Die britische Unternehmensberatung Baringa belegt in Sachen Mitarbeiterzufriedenheit regelmäßig Spitzenplätze. Auch bei ihren Kunden hat sie sich inzwischen erfolgreich mit ihrer „Economics of Kindness“ positioniert.


/ Als Ellen Fraser ihr erstes Feedback im Job bekam, war sie schockiert. Sie hatte gerade ihren Master in Physik und Französisch an der Universität Manchester gemacht, mit Bestnote, und hielt sich für unbesiegbar. Da nahm sie dieser Manager beiseite: Sie mache viel zu viel selbst, sagte er ihr. Sie sei ungeduldig und zu sehr auf den schnellen Erfolg aus. Fraser ging in Abwehrhaltung: Das ist doch Nonsens, dachte sie. Doch dann arbeitete es in ihr: Warum nimmt er sich die Zeit, mir diese Rückmeldung zu geben? Ist da vielleicht doch etwas dran?

Das ist 25 Jahre her. Fraser ist schon lange nicht mehr Analystin beim US-amerikanischen Mineralölkonzern ExxonMobil wie damals. Sie arbeitet seit mittlerweile 20 Jahren bei der Unternehmensberatung Baringa Partners in London. Aber noch heute denkt die Beraterin oft an das Feedback zurück. „Dass sich jemand so viel Gedanken um mich macht, hat mich wirklich dazu gebracht, über mein Auftreten und mein Handeln nachzudenken.“

Das Bild zeigt eine Frau, die eine Brille und ein rosa Hemd trägt und vor einem Fenster mit weißem Hintergrund steht. Sie lächelt und blickt zur Seite, mit einem Unschärfeeffekt, der den Eindruck eines Fensters oder einer Glasfläche vermittelt. Das Bild enthält keinen erkennbaren Text, und die Frau scheint das Hauptmotiv des Fotos zu sein.
Ein Mann mit weißem Hemd und lila Schlüsselband lächelt in die Kamera, hinter ihm eine bunte, geometrisch gemusterte Wand.

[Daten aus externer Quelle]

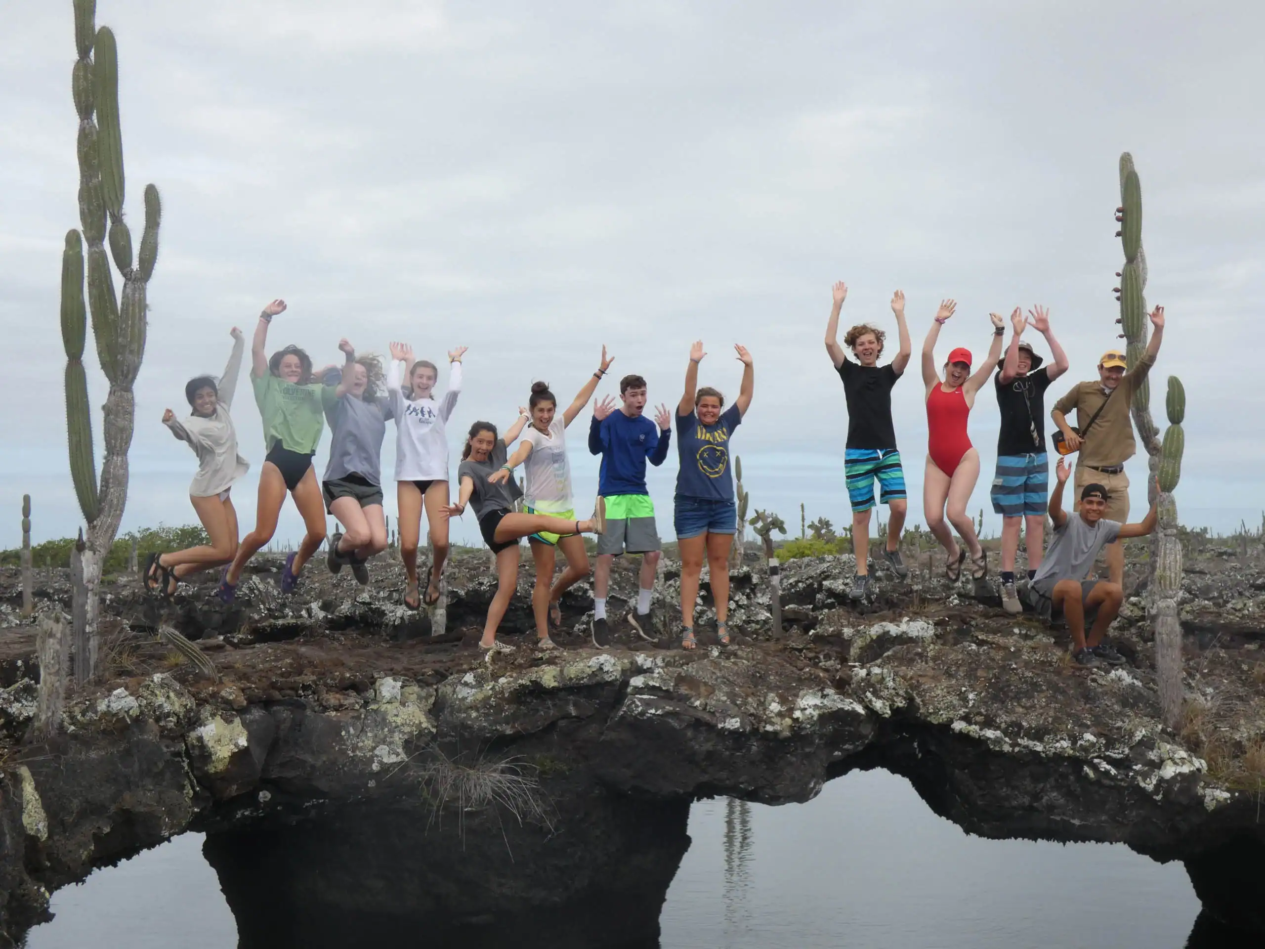 A group of people jumps in unison on a rocky bridge surrounded by cacti and water.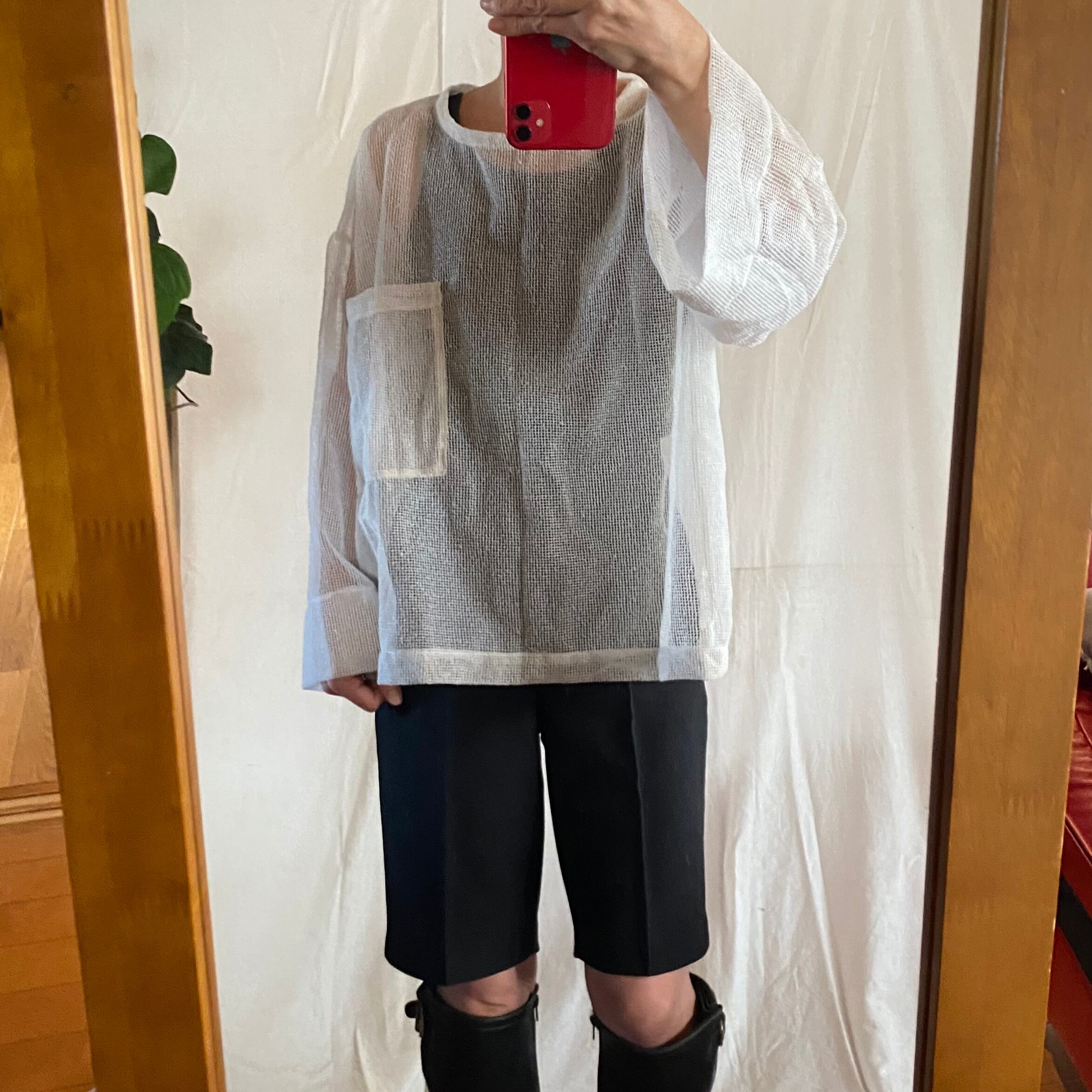 メッシュのカーテン生地からポケットシャツにリワーク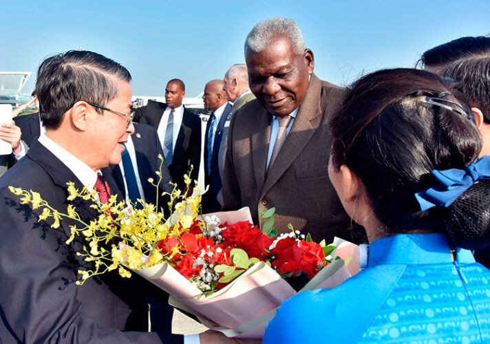 Durante el diálogo el también miembro del Buró Político del Partido Comunista de Cuba y presidente del Consejo de Estado manifestó sentirse emocionado con esta visita, que tiene lugar además en el contexto de la celebración de los 60 años de la constitución del Comité Cubano de Solidaridad con Vietnam del Sur.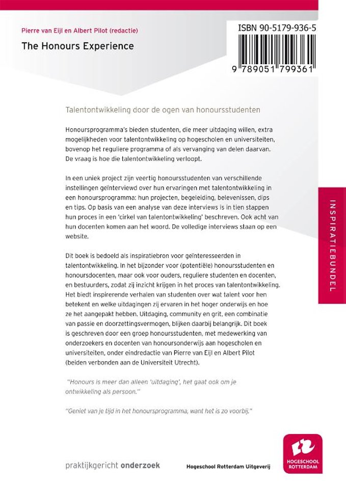 betekent en welke uitdagingen zij ervaren in het hoger onderwijs en hoe ze het aangepakt hebben. Uitdaging, community en grit, een combinatie van passie en doorzettingsvermogen, blijken daarbij belangrijk. Dit boek is geschreven door een groep honoursstudenten, met medewerking van onderzoekers en docenten van honoursonderwijs aan hogescholen en universiteiten, onder eindredactie van Pierre van Eijl en Albert Pilot (beiden verbonden aan de Universiteit Utrecht).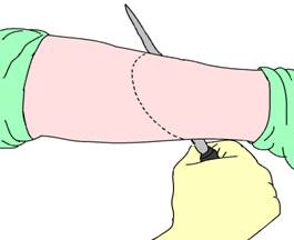 Incizia pielii trebuie sa fie la cel putin 15 cm sub nivelul de sectiune al osului. Incizia are aspect de "bot de rata", lamboul anterior fiind mai lung cu 3-4 cm, iar comisurile sunt plasate pe fetele interna si externa ale coapsei.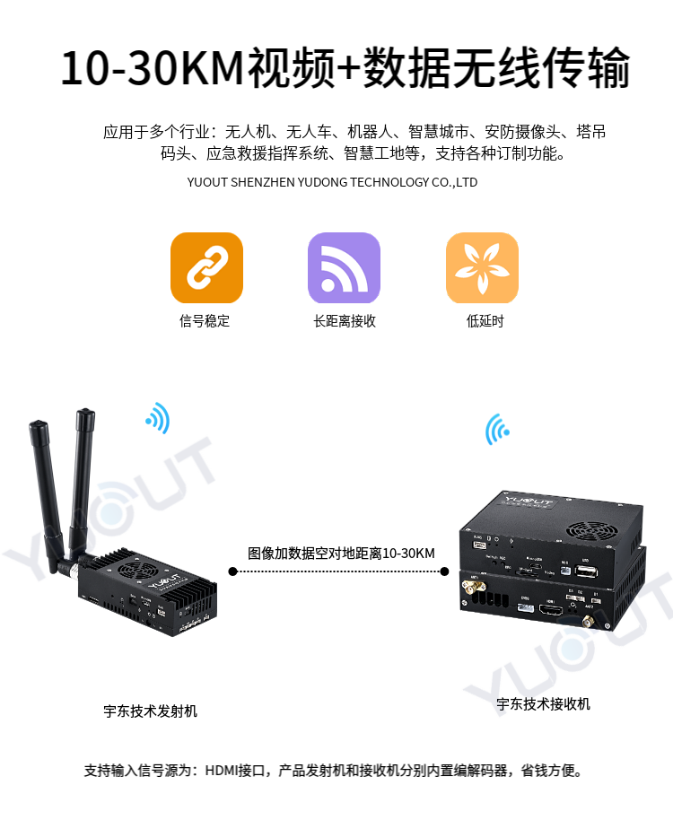 YD-HDT530-DM是應用于無人機行業的圖數控一體化超遠距離無線傳輸設備(最遠可達 15至30 公里),具有體積小、功耗低、通信距離遠等特點,支持高清視頻、飛控數據、云臺控制數據、遙控器控制數據等同時傳輸。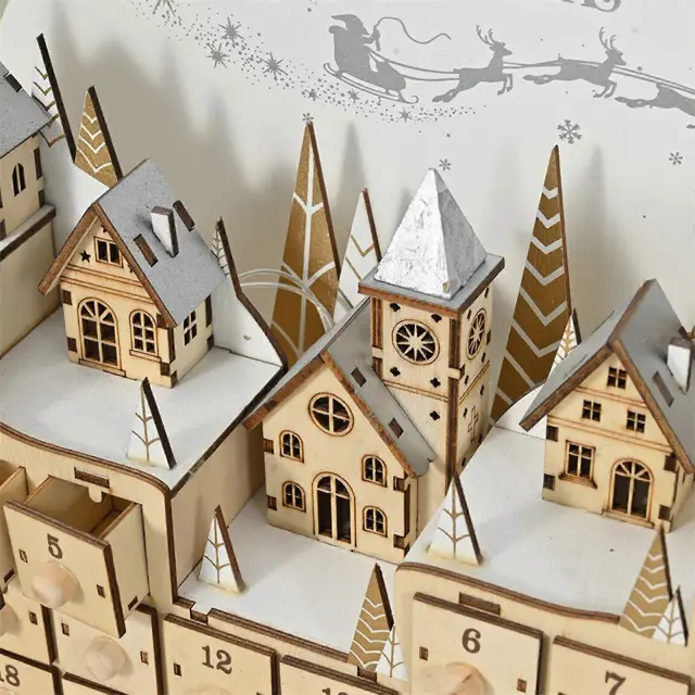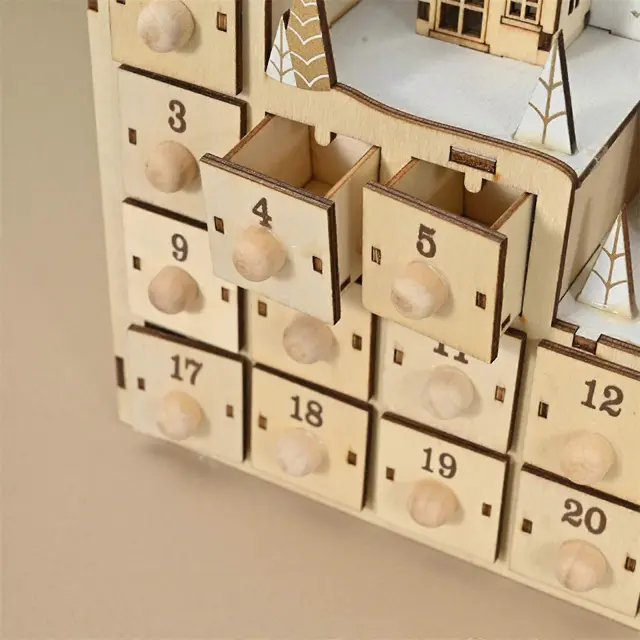 Božične hiške Adventni koledar Eleganten leseni koledar z LED osvetljenimi odštevalniki do božiča s 24 predali za darila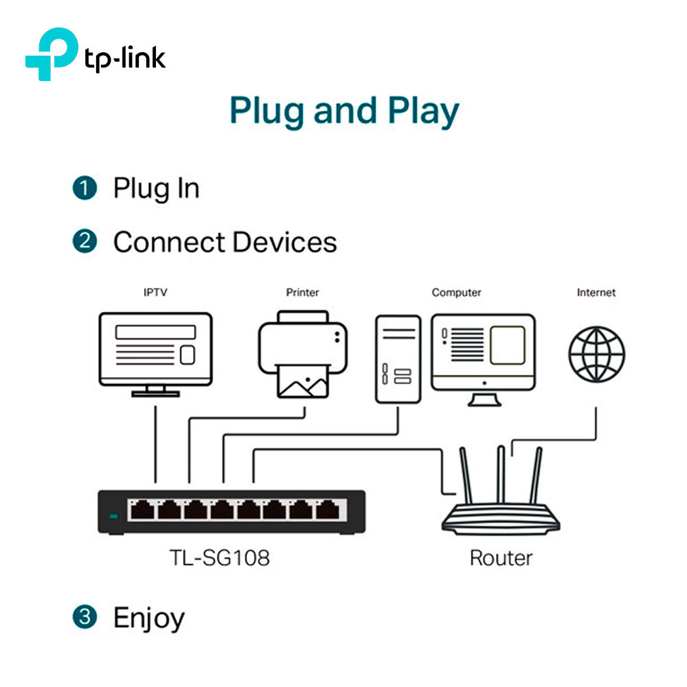 El switch TP-Link TL-SG108 es un switch no administrable de 8 puertos Gigabit (10/100/1000 Mbps) pensado para ampliar de forma rápida y confiable la red cableada en oficinas, negocios y hogares. Sus 8 puertos RJ45 con Auto-Negociación y Auto-MDI/MDIX permiten conectar PCs, impresoras, cámaras IP, decodificadores, access points y más, sin configuraciones complejas (plug and play).

Katrin Behte und Jochen Herrmann fühlen sich in der wertschätzenden Baringa-Kultur gut aufgehoben 

Freundliche Ansagen machen

Frasers Erfahrung würde man wohl nicht auf Anhieb mit dem zusammenbringen, wofür sie heute als Partnerin bei Baringa unter dem Schlagwort „Economics of Kindness“ wirbt: Ist es „kind“ – also freundlich, liebenswürdig oder gutherzig – einer Berufsanfängerin ihren Ehrgeiz vorzuwerfen? Nach Ansicht von Baringa durchaus.

Die Beratung, die im Jahr 2000 in London gegründet wurde und inzwischen mit mehr als 2.000 Mitarbeitenden weltweit arbeitet, wirbt seit Herbst 2023 sogar mit ihrer Philosophie von dieser Kindness. Darin steckt schon auch der Gedanke, „freundlich“ aufzutreten: Baringa hatte mehr als 6.000 Menschen befragt und gut 60 Prozent gaben an, dass sie sich schon gegen ein Produkt oder eine Dienstleistung entschieden hatten, weil das Unternehmen unfreundlich auftritt. Was Baringa mit dem Begriff meint, lässt sich aber dennoch nicht einfach mit Freundlichkeit übersetzen.

„Es geht nicht darum, nett zu sein“, erklärt Jochen Herrmann, verantwortlicher Partner im Bereich Energy für Deutschland und die Schweiz, „sondern darum, sich ehrlich mit dem Gegenüber auseinanderzusetzen und auch unangenehme Themen offen anzusprechen.“ Ungefähr so, wie Frasers erster Arbeitgeber es tat.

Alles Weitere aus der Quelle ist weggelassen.